A rant you may or may not want to read

Discussion in 'LSD - Acid Trips' started by doubledama, Jul 16, 2009.

  1. doubledama

    doubledama Member

    Messages:
    23
    Likes Received:
    0
    I just wrote this up on another forum, I wanted to share it with you guys:

    -----------------------------------------------------------------------

    SWIM saw an old friend yesterday who used to accompany SWIM in grand adventures through psychotropic playgrounds. SWIM met his buddy the first week of college in the dorms and for a few years SWIM found himself, his girl, and his friend together at all times. SWIMs friend began to develop habits of excess with a great many things over the years and it was hard to watch such a talented young person's mental stability and passion for life diminish so rapidly. Although SWIM partook in many things, SWIM doesn't feel he followed the rabbit as deep down the hole as his old friend. SWIMs friend stopped going to school, began working in the restaurant industry and drifted away from SWIM and SWIMette as he found new aquaintances more accepting of his new direction.

    SWIMs friend eventually made a poor decision involving crystaline LSD, half a bottle of xannax and god knows how much whiskey. His dear friend entered into a prolonged state of psychosis following an epicly bad experience from which he has never fully recovered-- forgive SWIM if he finds this hard to explain, but that youthful fire in his eyes has never returned. SWIM is very thankful that his amigo had a supportive girlfriend and parents that would absolutely never give up on him. SWIM only wonders now had some of us been better friends, could we have steered him in a better direction? On a happy note, SWIMs buddy went through drug and alcohol rehab, finished college clean and sober and now works to help other youngsters as a drug rehab counselor.


    SWIM just wanted to take a moment to ask everyone reflect on those whose paths we have crossed in our lifetimes. Those that are still with us, and those who have chosen different paths, and those whose paths have ended all too early. SWIM feels it extremely important to be ever-grateful of what we have been given, but even moreso to be aware of what all we risk losing. The majority of swimmers out there have no problems partaking in a responsible manner, but SWIM knows all too well that everyone can go through rough patches in life and isolate themselves into making poor decisions.
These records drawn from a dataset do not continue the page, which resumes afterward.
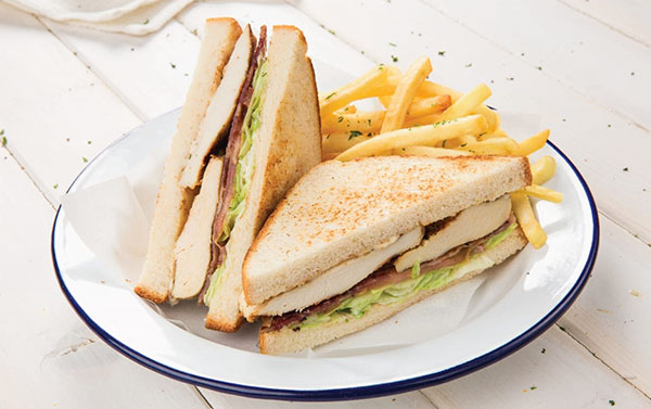 | Two pieces of grilled chicken breast, cheese, lettuce, tomato, American bacon slice, mayonnaise |
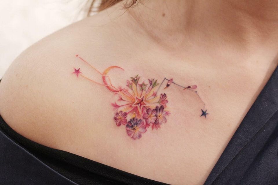 不過老婆還是堅持拿著老公畫的草圖給刺青師看,沒想到刺青師思考了一下後就這樣「化腐朽為神奇」,把草圖上的線條轉變成色彩繽紛又精緻的美麗刺青!只見刺青師把兩個星座分別用橘紅和深藍表示,漸層的月亮則是刺青師突發奇想的結果,此外中央立體的星星和周圍放射狀的紫紅色「紅櫻花草」也融合的十分協調,是一個色彩夢幻又含有特別意義的漂亮刺青!
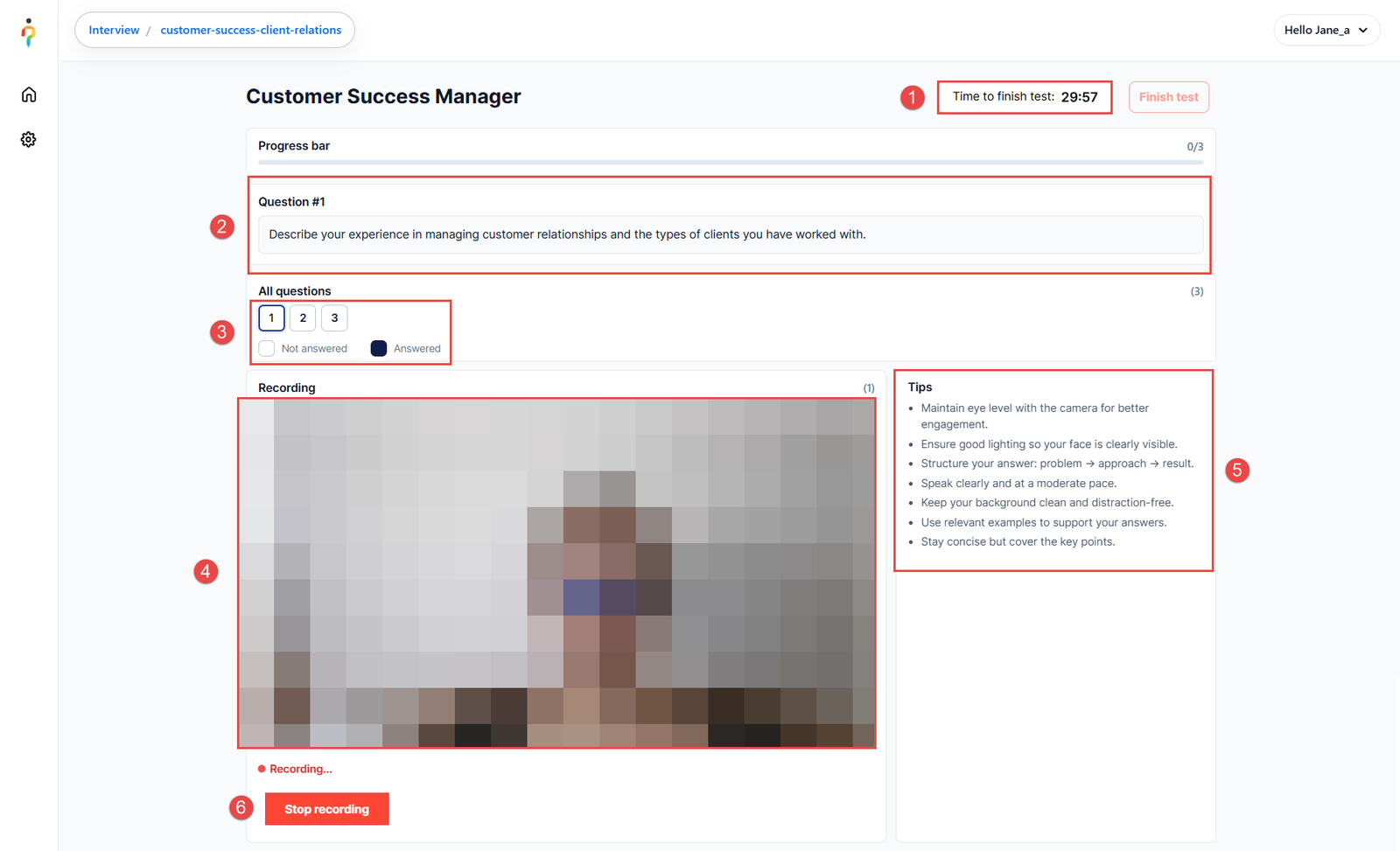- Stop Recording Option – After finishing their response, the candidate can select Stop Recording to complete the answer for that question.
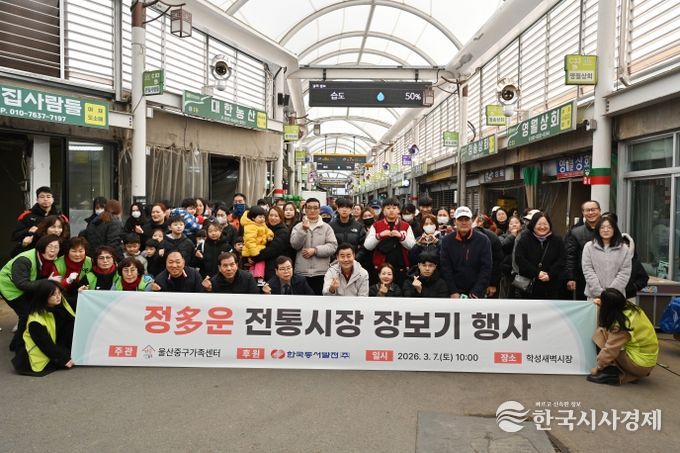 한국시사경제 울산취재본부 | 울산중구가족센터가 한국동서발전㈜의 후원을 바탕으로 3월 7일 오전 10시 학성새벽시장에서 저소득 가정과 함께하는 ‘정多운 전통시장 장보기 행사’를 진행했다.
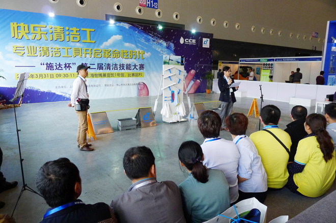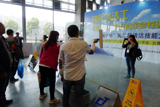 在第十六屆中國清潔博覽會期間, 我司於展覽館內舉行施達盃 – 第二屆玻璃清潔大賽, 今次共有20多間公司單位參與, 比賽過程異常激烈。
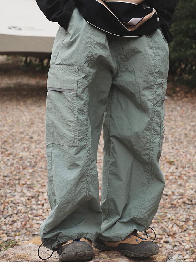 防潑水防風休閒長褲-下擺抽繩-灰綠
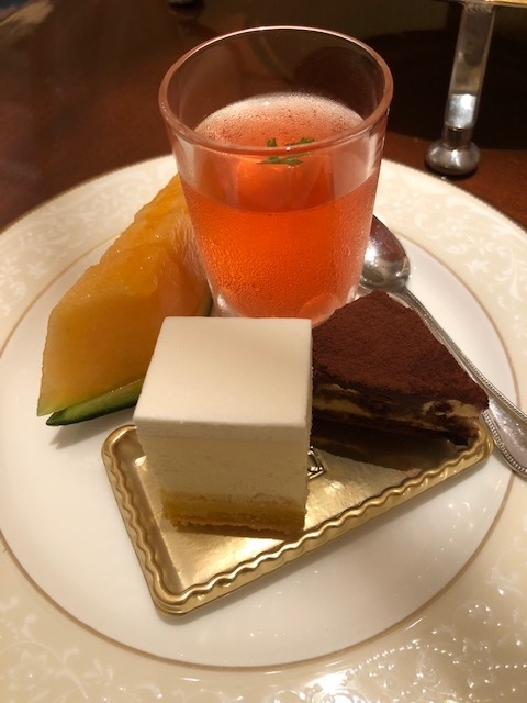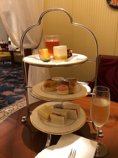 そして!期待以上にアフタヌーンティーが美味しかった♪ セイボリーもほどよく、サンドイッチのひとつはホットサンドでした。いや~、ひとつひとつのフードのレベルが高かったです。ひとつだけ残念だったのが、2種類のケーキが金色のプラスチックのトレイにのっていたのです。(ケーキ屋さんでお持ち帰りのケーキの下に敷かれている様な)
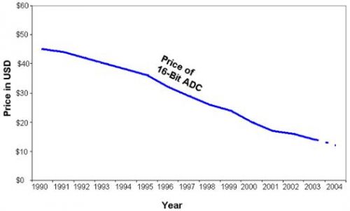 ADC是任何模擬輸入數據采集設備的關鍵組件之一。為了獲得最佳性能,ADC的輸入信號應當盡可能接近原始的模擬信號。模擬隔離可能會在信號到達ADC之前導致包括增益、非線性和偏偏移量等誤差。將ADC放置在更為接近信號源的位置可以獲得更好的性能。同時,模擬隔離組件價格較高,而且可能存在建立時間過長的缺點。盡管數字隔離可以獲得更好的性能,但是,在過去使用模擬隔離的原因之一卻是為昂貴的ADC提供保護。由于 ADC的價格已經大幅下降,測量設備的供應商們正在選擇通過對ADC的保護來換取數字隔離裝置所提供的更好性能和更低成本,如圖9所示。
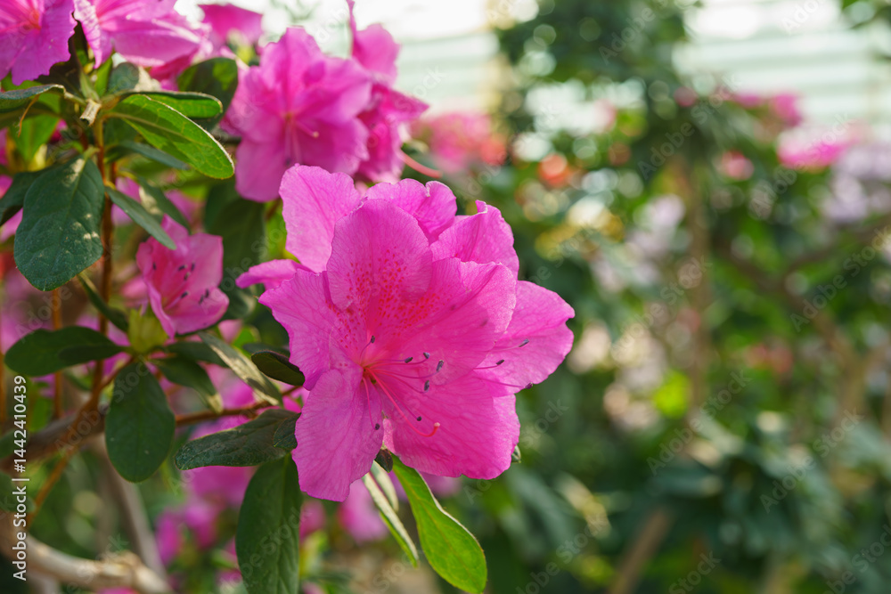 Blooming pink japan Azalea Ericaceae flowers, rhododendron flower macro, background. Evergreen decorative plant outdoor or in orangery in botanical garden. Gardeining, plant breeding
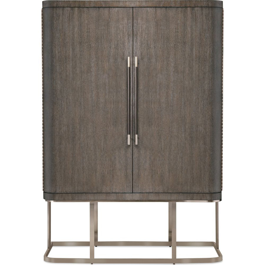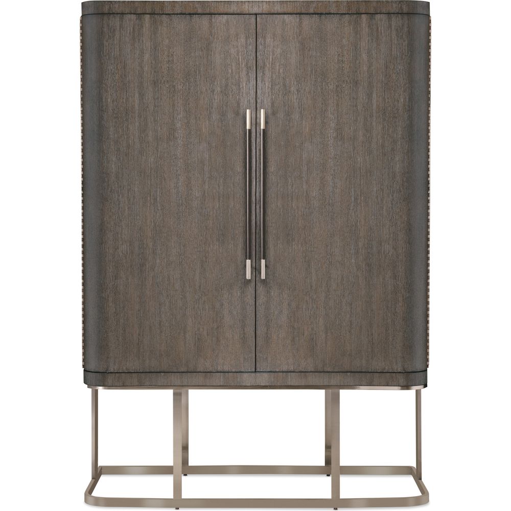 Description: Architectural and timeless with a luxe mixture of materials, the Modern Mood Wardrobe is a statement piece. The shaped metal base gives the cabinet a floating appearance. Crafted with Oak Veneers, the wardrobe is finished in a dark Mink color and has two large wood doors with piano hinges and mirror glass on the back of the right-side door. Behind the right-side doors are two adjustable shelves. Features include six self-closing drawers, a removable clothing rod and jewelry storage behind the left-side doors that includes 26 hooks, three felt-lined trays and one removable drop-in jewelry tray with four padded rows for rings.
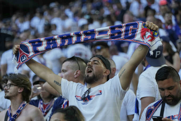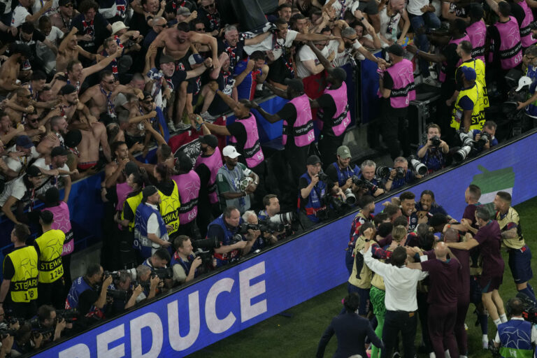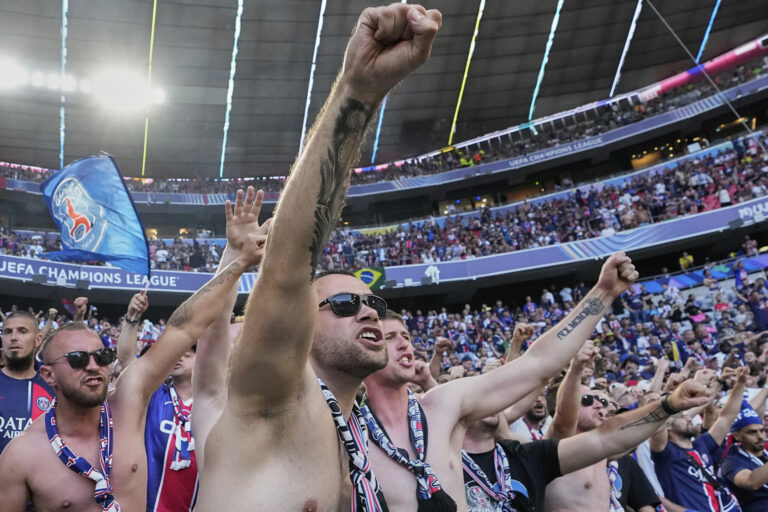Fanúšikovia Paríža St. Germain sa tešia z gólu Achrafa Hakimiho na 1:0 v 12. minúte zápasu proti Interu Miláno vo finále Ligy majstrov 2024/2025. Mníchov (Allianz Arena), 31. máj 2025. Foto: SITA/AP.

    SWIM urges everyone to be responsible about their drug habits (unfortunately there's no guidelines for responsible usage-- but everyone who parties knows 'that guy'), to be honest about one's own mental health, and to have the courage to seek guidance when/if you find yourself in a darkening cycle. But further more, fellow swimmers, don't stand idly by and watch someone you know self-destruct when you know that you should say something to that person or inform someone who will. Good friends are hard to come by, and everyone needs to be picked up and dusted off from time to time. You may feel awkward confronting someone about habits you yourself are not ready to give up, and you will likely lose a friend for atleast a period of time as it is often necessary for these folks to seperate themselves from negative influences of the past, but in the long run you will both be thankful the topic was raised.

    Reading this probably doesn't give you warm fuzzy feelings all over... There's no doubt every situation is different and SWIM certainly doesn’t have all the answers, but he wanted to get some things off his mind. Now another short story--

    SWIM ran into a girl at bonnaroo who had a head full of acid and was headed towards a nightmare she would likely never forget as her boyfriend of 2 years broke up with her just after dosing so he could go run off with another female and a bag of moli. SWIM was pretty spun, halfway lost, trying to find his way back to his campsite so he could ditch his sweatshirt when he came upon her. SWIM recalls seeing sadness in her eyes as if she had just lost her best friend in the world. First instict was, 'damn that sux', but suddenly a wave of empathy came over SWIM as he remembered all of his friends who had their first "bad one" and he took a seat next to her without speaking a word. Babysitting someone on a bad trip is not necessarily the funnest thing to do, especially when you are having a perfectly wonderful time yourself, but SWIM feels he helped turn a pile of shit into something very productive as we discussed philosophy of life, relationships, and the need welcome change. SWIM tried to keep the emphasis of the conversation away from the events of that evening and more towards where she had come from, where she wants to be going, and how speedbumps along the way play an important part in shaping who we will become. Eventually the drugs really wore off as the sun began to rise. We shared a few beers and SWIM remembers catching a glimpse of her beginning to smile as the sun rose over the tent city. She joked that she hoped he enjoyed his time last night because walking back to vermont wasn't going to be nearly so fun-- funny thing is she wasn't joking. She was now aware of her own worth not only as a beautiful girl but an awesome person who deserves more. SWIM helped her pack up her jeep, gave her a hug and as she drove off the thought of a buttefly emerging from its coccoon filled SWIMs mind.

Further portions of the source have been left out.